Osinbajo, Babalola, Akpata urge review of legal education curriculum

Law
  • Say lack of inter-disciplinary modules affecting lawyers

The Vice President, Prof. Yemi Osinbajo (SAN); founder of Afe Babalola University (ABUAD), Ado-Ekiti, Chief Afe Babalola (SAN) and President of Nigerian Bar Association (NBA), Mr. Olumide Akpata, have identified obsolete curriculum as one of the biggest challenges confronting the country’s legal education.

The Guardian reports that they stressed the need for holistic overhaul of the curriculum to reflect the contemporary realities, saying the existing one had not kept pace with global development and societal needs.

They said that knowledge of legal principles and theory alone does not make good lawyers. They made the call in Ado-Ekiti, the state capital yesterday, at the 2022 Legal Education Summit organised by the NBA in collaboration with Afe Babalola University.

Osinbajo lamented that the Nigerian Law Schools were still producing lawyers that could not measure up to contemporary benchmark and global best practices in the legal profession, adding that a well-articulated review of the obsolete curriculum would ensure a critical role in ensuring that law graduates acquire qualitative legal education and compete favourably with their contemporaries.

The Vice President, who spoke through virtual broadcast, emphasised the need for law graduates to be subjected to intense practical training and also be exposed to the mastery of intricacies of the legal profession.

Babalola, who advocated a Central Law School, faulted the recent creation of six new schools, saying that the proliferation of the training grounds would not solve the problem of access to legal education.

He noted that the best way to address the problem of access to quality legal education was to establish centralised law school with modern facilities and seasoned faculty members of international repute.

In his submission, Akpata urged need for review of the curriculum, saying experience with fresh law graduates had shown that they lack the requisite knowledge to fit into today’s law practice.

He lamented that the curriculum being used in the universities and the Nigerian Law School had hardly changed over the years, saying that there is urgent need to review the present curriculum to meet the global developmental challenge.

Also The Punch reports that in his speech, the NBA President urged the National Assembly not to see legal education as constituency projects, which the proliferation of law school campuses connoted.

He said legal education was too important to be reduced to constituency projects, querying, “How do you set up law school campuses when you cannot finance them?”

Akpata said the summit was conceptualised to intervene in legal education and fashion out policies that could inject sound legal education in the country.

Speaking on the establishment of six new law school campuses, he stated, “The National Assembly should bear in mind that the existing campuses are grossly underfunded and that it would be wrong to establish more under this context.”

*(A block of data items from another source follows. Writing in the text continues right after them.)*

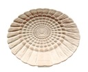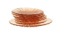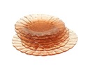 Talerze deserowe (1 duży i 6 małych) wykonane z różowego szkła prasowanego. Projekt Eryki Trzewik-Drost dla Huty Szkła Gospodarczego „Ząbkowice” w Dąbrowie Górniczej. Seria „Cora”. Lata 70XXw.
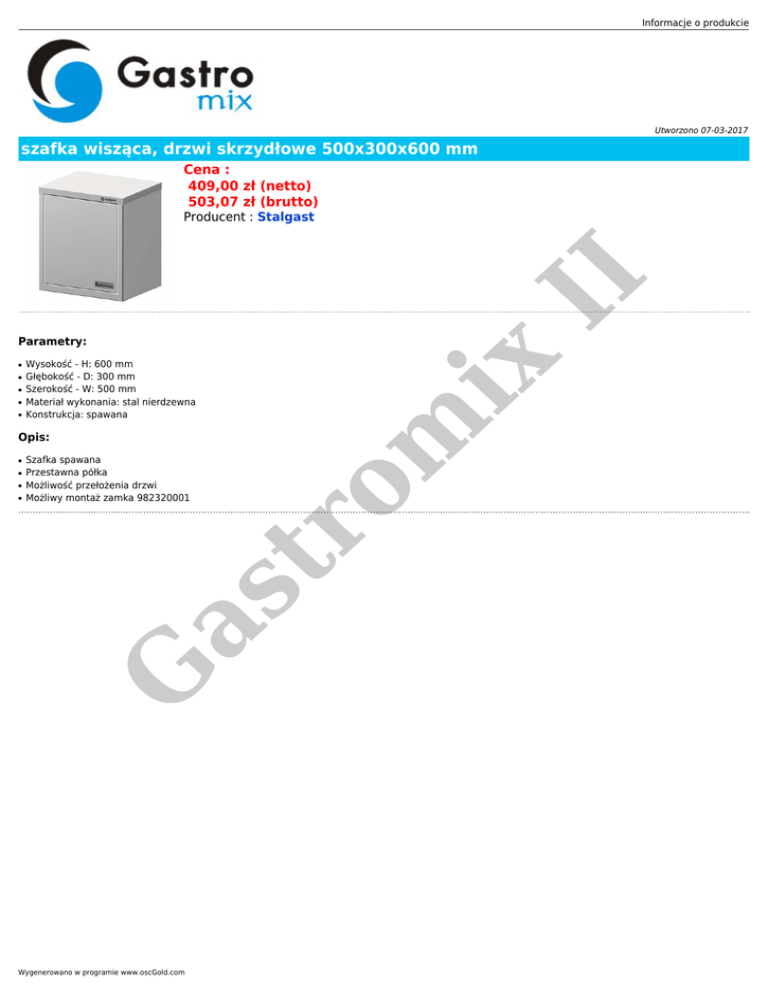Informacje o produkcie Utworzono 07-03-2017 szafka wisząca, drzwi skrzydłowe 500x300x600 mm Cena : 409,00 zł (netto) 503,07 zł (brutto) II Producent : Stalgast ● ● ● ● Wysokość - H: 600 mm Głębokość - D: 300 mm Szerokość - W: 500 mm Materiał wykonania: stal nierdzewna Konstrukcja: spawana m ● ix Parametry: ● ● ● G as ● Szafka spawana Przestawna półka Możliwość przełożenia drzwi Możliwy montaż zamka 982320001 tr o Opis: Wygenerowano w programie www.oscGold.com
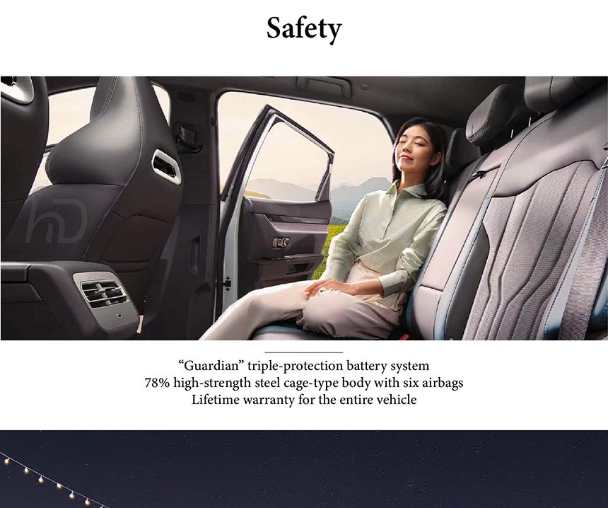 The Jetour Shanhai L6 prioritizes comprehensive safety and reliability, beginning with its robust "Guardian" triple-protection battery system for thermal, electrical, and structural security. This commitment is backed by a lifetime warranty for the entire vehicle, demonstrating exceptional confidence in its long-term quality and durability. Adding to its versatility is a practical 6.6 kW external power discharge capability, enabling safe power supply for outdoor activities. Together, these features provide owners with enduring peace of mind for both everyday use and adventures.
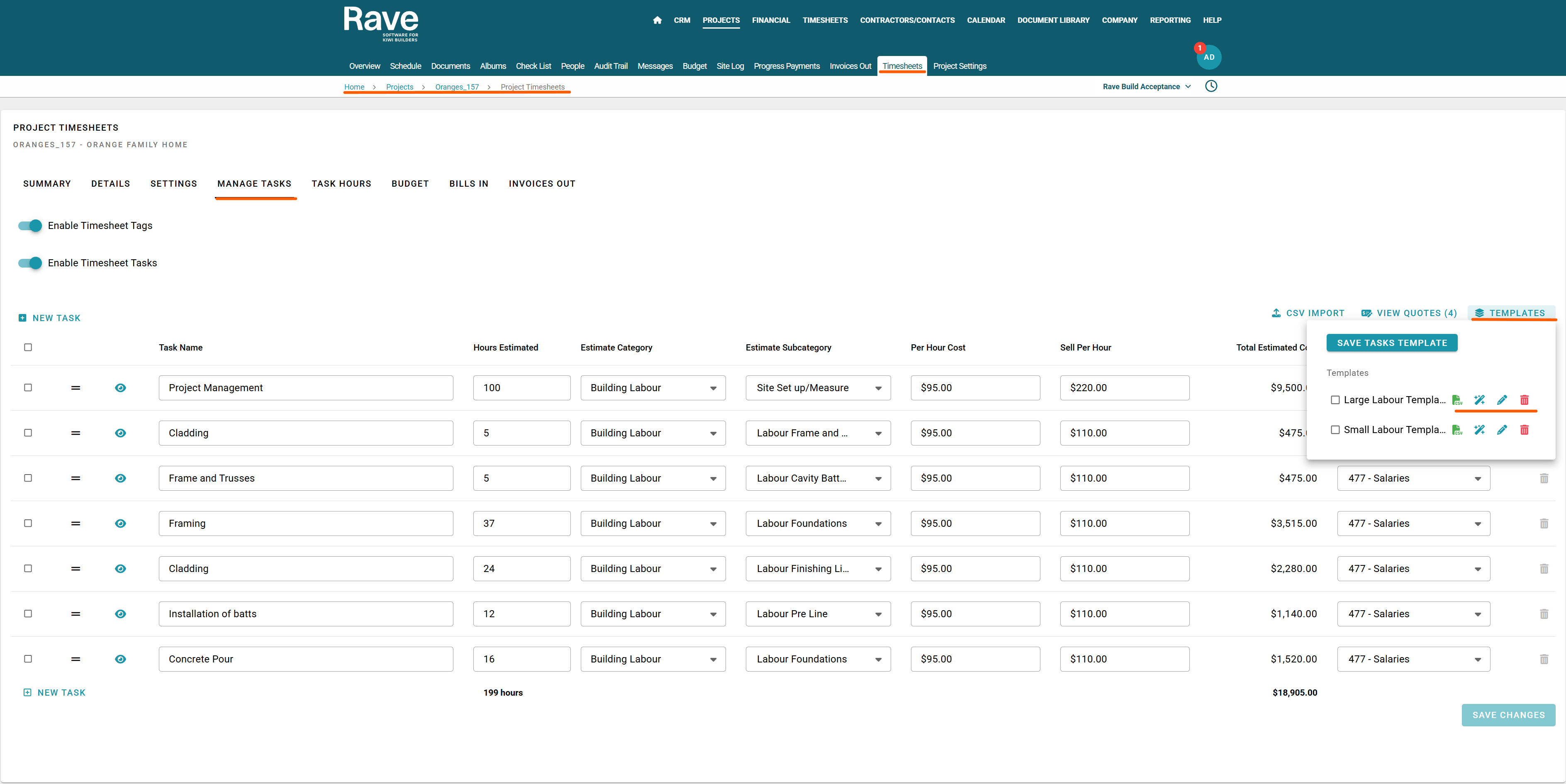 Once you've created your first timesheet tasks budget—either manually or via CSV import—you can save it as a template for future use.
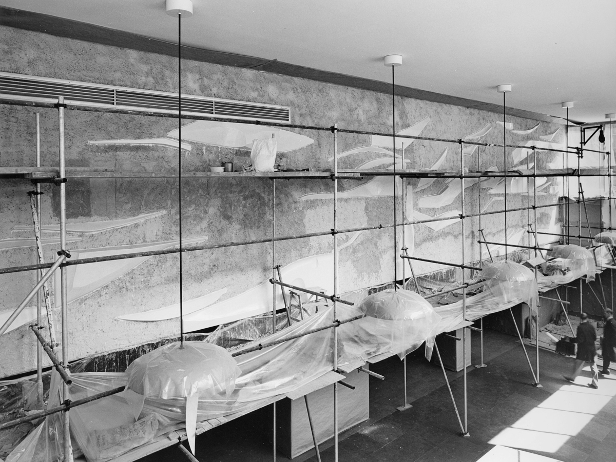 Väggreliefen sedd från trappan till hallens övre plan.
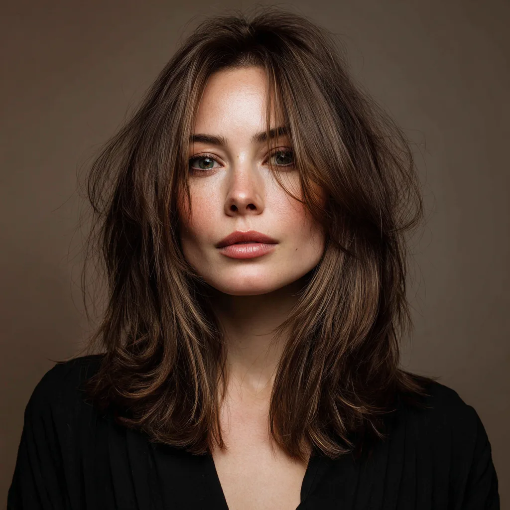 This style removes weight through long, blended layers while keeping the ends full. It works well for oval, round, and heart-shaped faces because it avoids harsh lines. Thick hair benefits from the layered structure, which prevents puffiness at the bottom. Styling stays simple. Blow dry with a round brush or air dry with a smoothing cream.
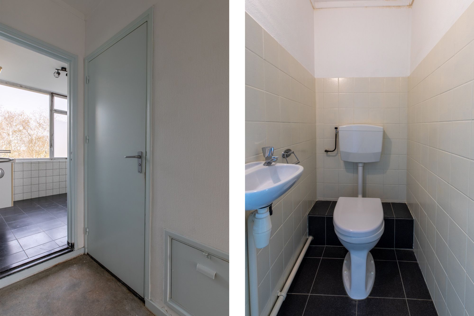 Deels betegelde toiletruimte voorzien van duo closet toilet en fonteintje.

The NBA president also appealed to the Federal Government to reach an agreement with the Academic Staff Union of Universities so that lecturers could return to work and save the country’s ivory towers from total collapse.

Akpata stated, “Our government should stop paying lip service to the issue. The government needs to get serious about how it wants to run education in Nigeria right from budgetary allocation.

“Education at all levels must get the seriousness it deserves. Let the government fulfil its own side of the pact. Government should quickly do what is necessary to open our schools for normal activities. Strike and school closure have recurred over and over again.

“With time, the brand ‘Nigerian trained’ may become an albatross, because employers will start asking how you were trained. So, it is important for the government to resolve the issue if they think the education of the Nigerian children is still important.

“We are going to be looking at our curriculum. We will also look at technology. We are also looking at our teaching methodology, quality assurance and the issue of the decentralisation of the Nigerian Law School.”

The Chairman, 2022 Planning Summit and ABUAD Deputy Vice-Chancellor, Prof Damilola Olawuyi, stated that the summit was geared to reset the system, since policy makers in Nigeria had come to the realisation that the legal education system had declined geometrically.

Olawuyi said discussants at the event, which would be declared open by Vice-President Yemi Osinbajo, included the Attorney-General of the Federation and Minister of Justice, Abubakar Malami; Minister of Education, Malam Adamu Adamu; Executive Secretary, National Universities Commission, Prof Abubakar Rasheed; and ABUAD founder, Aare Afe Babalola.